In Pennsylvania there is limited (although expanding) Prince Hall recognition. If King or any other man were made a Mason posthumously by the Prince Hall Grand Lodge of Georgia it still would not mean all men would recognize him as a brother. In fact, at the current time Prince Hall Masons of Georgia are not recognized by the Pennsylvania Grand Lodge, and so, all so-called “regular” members in lodges across Pennsylvania would be subject to the Jurisdiction of the Grand Lodge of Pennsylvania and would not recognize Dr. King as a Freemason.

There is no doubt that King carried many outstanding characteristics of a qualified candidate for Freemasonry.  In fact his father and Grand Father were both Prince Hall Masons.   To put this myth to bed though, King was never made a Freemason.  16

To sum it all up; it is safe to say that the act of “Making a Mason at Sight” is justified, regulated, and rightfully preformed.  The candidates are still given degrees, and the lessons are being told to each person, individually.   The Grand Masters who chose to perform this act are neither breaking any landmark nor bending any law of Freemasonry.  This is a practice that has been documented for well over 200 years and has not brought about the absolute destruction of the craft.  Hopefully, with a little education, this practice can lose the negative stigma that it has carried for many years.   We all can have an opinion on the matter.  While it may be justified to disagree with the practice, it is not justified to accuse any Grand Master of malfeasance.

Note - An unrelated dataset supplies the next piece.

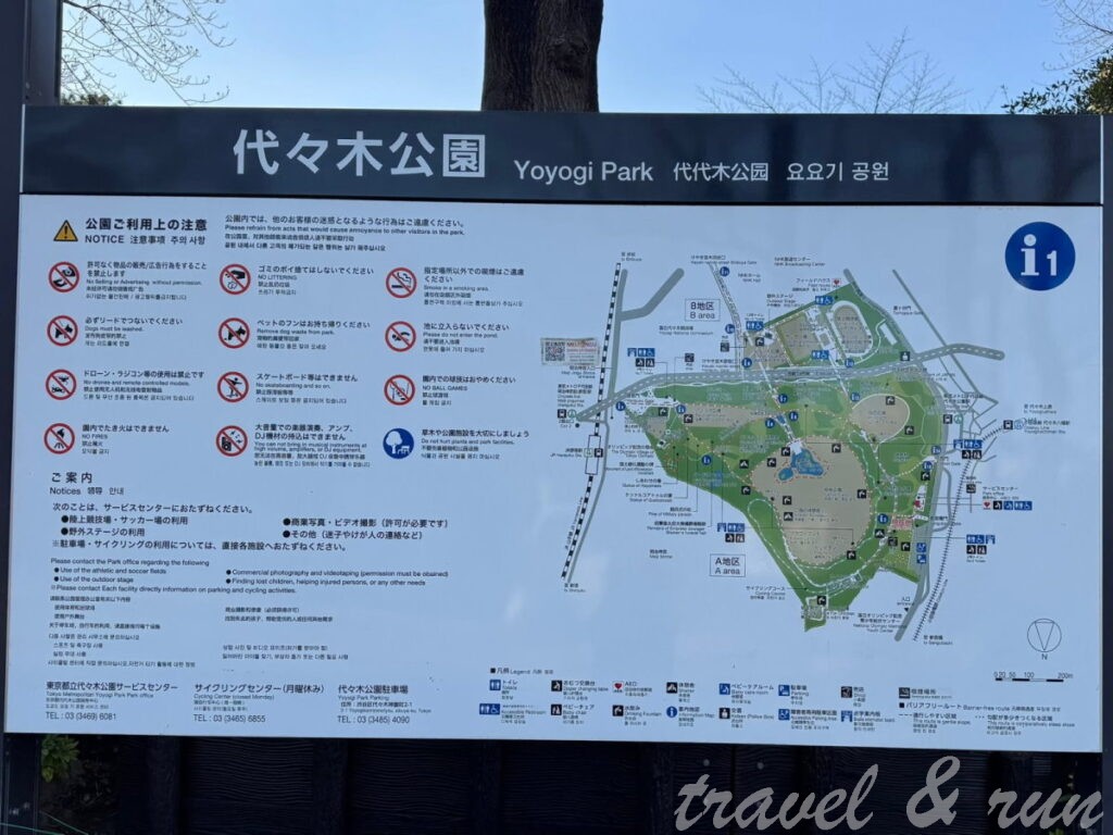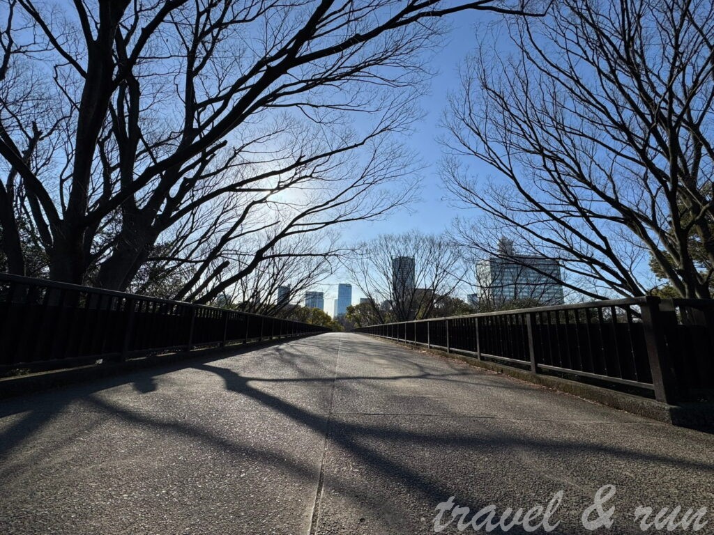 - 景觀度: 5 分 (滿分10分) :前半段經過的大多是住宅區,從新宿開始算是商業大樓區。除了公園、神社、河畔還沒開的櫻花以外,可以說沒什麽景點。但是代代木公園是個滿適合跑步的地方,有圓圈步道跟滿滿的樹木,相當舒服。

It would wise for us to recognize that no matter how a man is made a Mason, he is only as good of a Mason as he makes himself.  Masons at sight and one day class Masons are every bit a member as the next guy.  These men have every opportunity, right, and privilege that their lodges offer every member.  To degrade their character or membership based on ignorance of Masonic law or differing opinion on the manner in which they were made a Mason would be truly un-masonic.  We are a brotherhood.  We are all with our own strengths and weaknesses.


  1. Pennsylvania Freemason Magazine, Volume LVIII, May 2011, Number 2, page 15.
  2. Pennsylvania Freemason Magazine, Volume XLV, November 1998, Number  4
  3. Pennsylvania Freemason Magazine, Volume XLIX, February 2002, Number  1
  4. Pennsylvania Freemason Magazine, August 1987
  5. National Heritage Museum, Making a Mason at Sight, the Case of President-elect Taft.
  6. The Grand Lodge of Pennsylvania, newly Made Masons at Site, 2001.
  7. Pennsylvania Freemason Magazine, August 1987
  8. Making a Mason at Sight, Bro. Wildey E. Atchison, Colorado, The Builder, February 1916
  9. Pennsylvania Freemason Magazine, August 1987
  10. Ahiman Rezon; 19.04
  11. Ahiman Rezon; 12.03
  12. An Encyclopedia of Freemasonry and its Kindred Sciences, Moss and Co., 1874, page 441.
  13. The American Tyler-Keystone, decoted to Freemasonry and Its Concerdant Other, Volume 24, Page 55, Craft Movement in Michigan.
  14. Proceedings of the Grand Lodge of Ancient, Free, & Accepted Masons of Canada, 1896, page XXXVII
  15. Renaissance as to Grand Lodge, PA Freemason Magazine, January 2010, page 15, (Opening and Closing Meetings)
  16. The Texas Prince Hall Freemason, Winter 2001, Page 59-62, Was MLK Jr. a Mason?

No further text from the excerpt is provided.